The relationship between bank financing and market power, with the role of creating bank liquidity

Document Type : Research Paper

Authors

1 Ph.D. Candidate in Finance, Science & Research Branch, Islamic Azad University, Tehran, Iran.

2 Assistant Prof., Faculty of Management and Economics, Science and Research Branch, Islamic Azad University

3 Assistant Prof., Faculty of Management, University of Tehran, Tehran,

4 Assistant Prof., Department of Financial Management, E-campus Branch, Islamic Azad University, Tehran, Iran

10.22059/frj.2025.381724.1007639

Abstract

Banks play a critical role in supporting economies and financial markets through the allocation of resources. They act as financial intermediaries by bridging gaps between savers and borrowers and simultaneously serve as liquidity providers by managing the maturity structure of their balance sheet items. This dual functionality positions banks as pivotal institutions for ensuring the smooth functioning of economic systems. Financing the economy is among the primary socio-economic objectives of the banking sector. Achieving this goal requires banks to access a diverse range of financial resources, enabling them to support economic activities, manage credit, and service their obligations, thereby maintaining stability within the broader banking system.

Bank financing involves generating financial resources to sustain banking operations and economic activities. According to the Asian Development Bank, financing encompasses various sources such as deposits, loans, payment services, and shareholder contributions. These resources empower banks to convert debts into liquid assets, effectively creating liquidity that is indispensable for economic operations. This capability underscores the importance of liquidity creation in ensuring resilience within financial systems. Additionally, the market power of banks, defined as their ability to attract customers and maintain competitive advantages, is closely linked to their financing structures. Banks leverage managerial and marketing strategies to secure market shares and expand their client bases, emphasizing the interconnectedness of financing and market dynamics.
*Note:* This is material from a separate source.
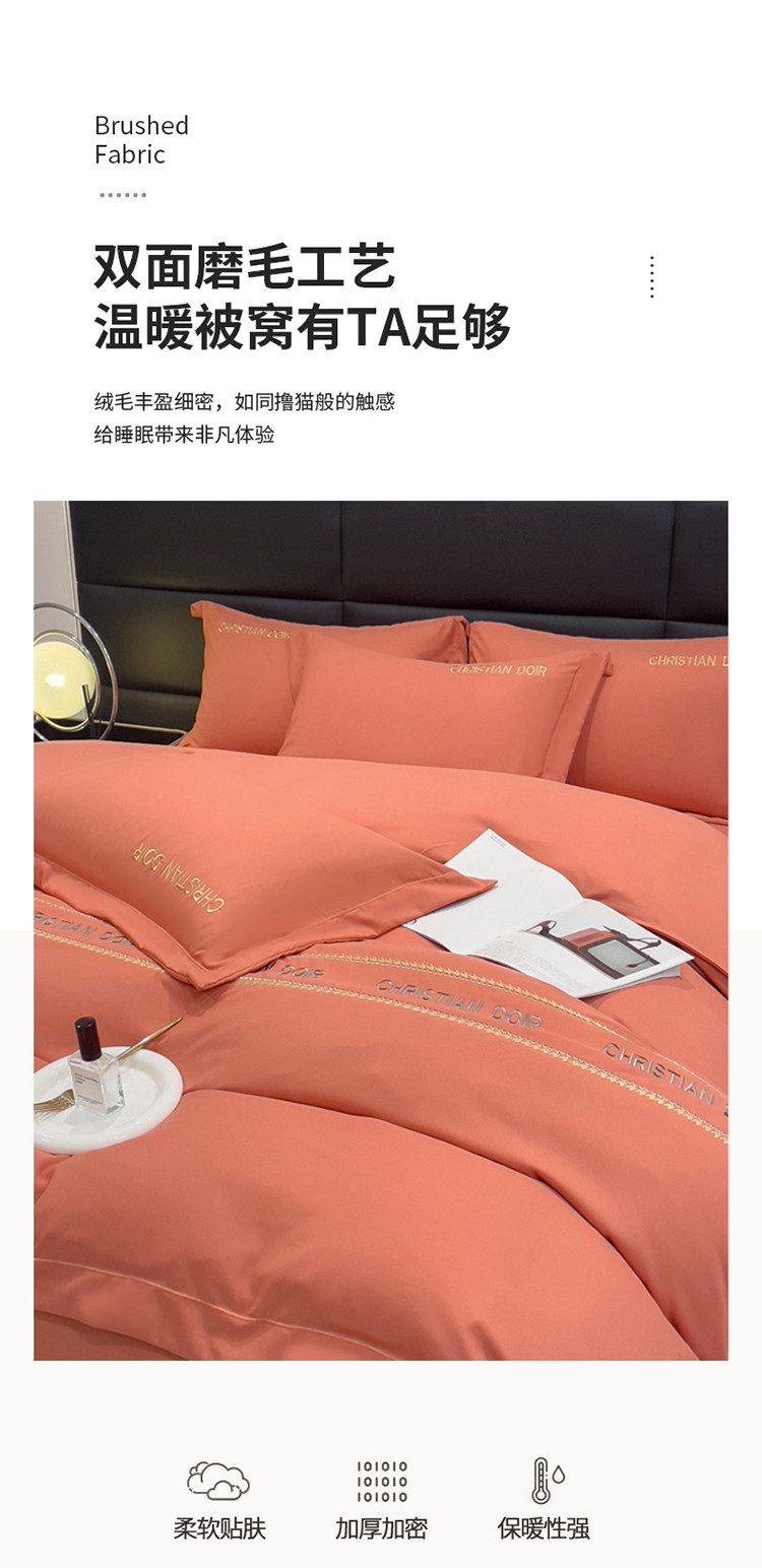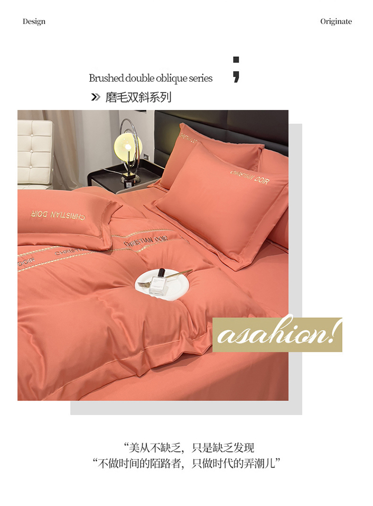 靓生活 2023新款磨毛双斜四件套爱马橙

Through liquidity creation and risk transformation, banks play an irreplaceable role in stabilizing economies and fostering growth. However, previous research has predominantly focused on risk assessment, often overlooking the interaction between financing, market power, and liquidity creation. To address this gap, the present study explores the relationships among these factors, aiming to provide insights into their influence on banking operations and financial stability.

To measure market power, the study utilized the Herfindahl-Hirschman Index (HHI), a well-established indicator of market concentration and competition. Bank financing was also analyzed using a modified HHI designed to capture the diversity of funding components, such as interbank borrowings, customer deposits, and issued securities. Liquidity creation was quantified using the index developed by Berger and Bouwman (2009), which categorizes balance sheet items based on their liquidity profiles. Data for this research were obtained from the financial statements of 10 publicly listed banks in Iran, covering the period from 2015 to 2022. Multivariate regression models employing pooled data techniques were applied to test the hypotheses.
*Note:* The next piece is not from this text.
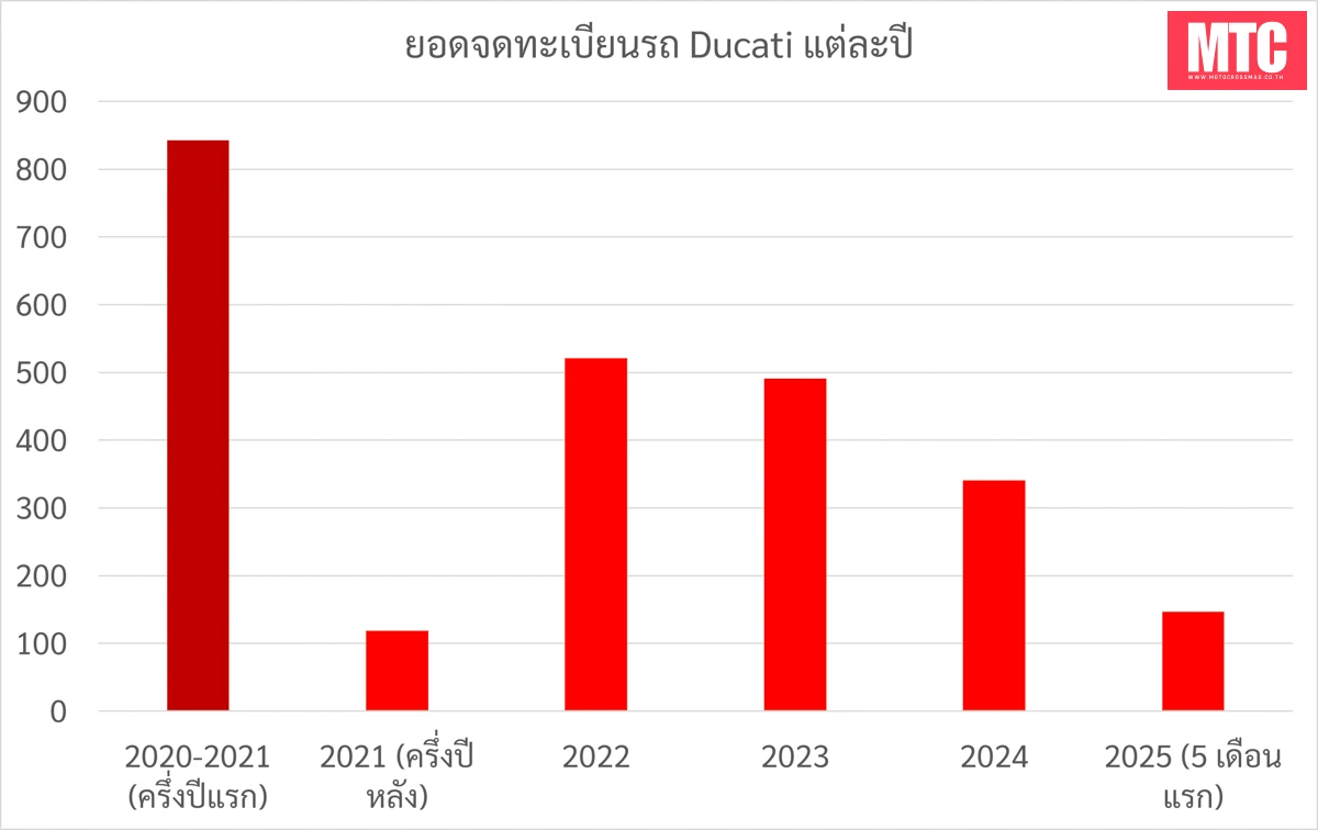 Ducati กับยอดขาย 5 เดือนแรก ปี 2025 ก่อนเปลี่ยนตัวแทนในไทย

The findings reveal that diversified and efficient bank financing significantly enhances market power. Banks with diverse funding structures exhibit greater resilience and competitiveness, underlining the importance of effective financial management in optimizing market position. Furthermore, the study demonstrates that liquidity creation amplifies the positive relationship between bank financing and market power. As banks generate more liquidity, they strengthen their ability to attract deposits and improve their operational efficiency, creating a feedback loop that reinforces market dominance.

This research underscores the need for policymakers to consider the interplay between financing structures, liquidity creation, and market power in their strategies. By fostering a deeper understanding of these dynamics, the study contributes to the development of policies aimed at enhancing banking efficiency and ensuring financial stability.